There’s a diner called “Ootori” on the shopping street of Space Station Ring Seven.
The owner, Kawano, is a loud woman. Mid-forties, and when she calls orders through to the kitchen, her voice bounces off the ventilation ducts and carries all the way to the dry cleaner’s next door. Although the dry cleaner’s closed last month.
Among her regulars, there’s one customer whose name she can never quite remember.
Yasuda, maybe. Or Ando. A small man who always comes in just after two in the afternoon and says, “Small portion, please.” The daily special, small portion. He’s never ordered anything else. Ten years of this.
Kawano has a loud voice but a somewhat unreliable memory. She vaguely recognizes Yasuda’s face, but can never recall what they’ve talked about. Whether they’ve ever talked at all is debatable. He’s just there when she glances over, and gone when she glances again. Only the empty plate remains, and she thinks, oh — he was here.

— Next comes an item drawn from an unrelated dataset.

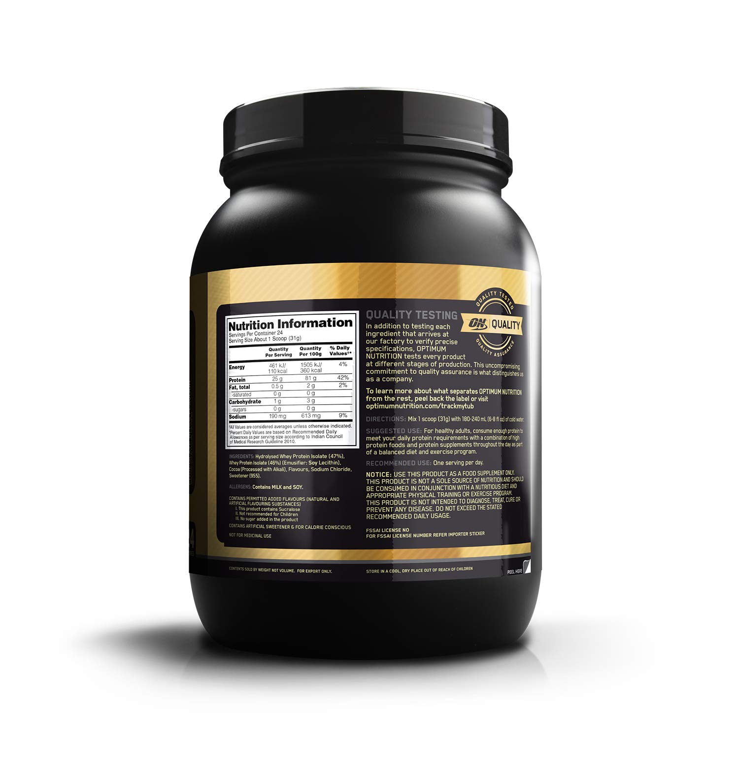Optimum Nutrition (ON) Gold Standard 100% Whey Protein Powder - 5 lbs 2.27 kg (Double Rich Chocolate) Primary Source IsolateFor Men and WomenOptimum Nutrition's Gold Standard 100% Whey uses pure Whey Protein Isolates as the primary ingredient. Combined with ultra-filtered whey protein concentrate each serving provides 24 grams of all-whey protein and 5.5 grams of naturally occurring Branched Chain Amino Acids (BCAAs) which are prized by athletes for their muscle building qualities. With 10 tempting flavors to choose from ON Gold Standard 100% Whey gives you plenty of ways to keep workout recovery interesting. To instantly check the authenticity of your ON product SMS us your 6 digit unique code (on the pack) at 57575 or visit our wesite AUTHENTICATEON.inOptimum Nutrition (ON) Gold Standard 100% Isolate 1.6 lb 744 g (Chocolate Bliss) for Muscle Support & Recovery Vegetarian - 100% Protein from Whey IsolateTo create GOLD STANDARD 100% ISOLATE we start by selecting only the highest quality whey protein which undergoes a series of sophisticated filtration processes to âisolateâ out excess fat cholesterol and sugar. A portion of this Whey Protein Isolate is then hydrolyzed â broken down into smaller chains of amino acids. The final product is a fast-digesting complete protein containing no more than 1 gram of carbohydrates less than a gram of fat and more than 80% pure protein per serving to support your muscle building performance and fitness goals.

The shopping street on Ring Seven, incidentally, has lost half its shops over the past three years.
The ramen place “Sorafu” closed. The yakitori joint “Kushiyoshi” closed. The udon shop “Norentei” closed. The bakery “Komugiza” and the curry place “Spice Port” too. The reasons were always the same: customers dropped off. That’s all anyone said before taking down the sign.
“Ootori” is still standing. Whether it’s because of Kawano’s loud voice or the flavor of the daily special, she couldn’t say.
One day, Kawano happened to run into Ito, the former owner of “Norentei.”
“Remember your last regular?” Kawano asked. Just making conversation.
“Oh, yeah. Small guy. Always ordered a small portion.”
Kawano stopped walking.
“A small portion? Of udon?”
“Yeah. Small kake-udon, every day. For about five years. Once he stopped coming, there was nobody else. So I figured, well, might as well close.”
Kawano felt something — not quite a bad feeling. More like a sense of déjà vu.
The next day, she asked the former owner of “Kushiyoshi.”
“My last regular? Sure. Quiet guy. Two skewers of yakitori, every time. Light eater.”
She asked the former owner of “Spice Port.”
“Yeah, there was someone like that. Mini curry. Four times a week. He was the only one left, at the end.”
She asked “Komugiza” too. Same answer. A small man. Always ordered a small amount. Came for years. And by the time he was the only customer left, the shop would close.
Kawano sat down on the kitchen stool and stared at the ceiling.
It seemed that Yasuda — or Ando — had been going to every single restaurant on the shopping street. Every day, a small portion at each one. Quiet, unassuming, invisible. He kept coming until he was the last customer standing. And then, one by one, the shops disappeared.
A light eater who had eaten everything.
At 2:15 p.m., the entrance curtain swayed.
“Small portion, please.”
Yasuda was sitting in his usual seat. Kawano set down the daily special and glanced out at the shopping street.
Across the way, a “Tenant Wanted” sign hung in the window of the old dry cleaner’s. Next to it, the shoe repair shop had its shutter half down.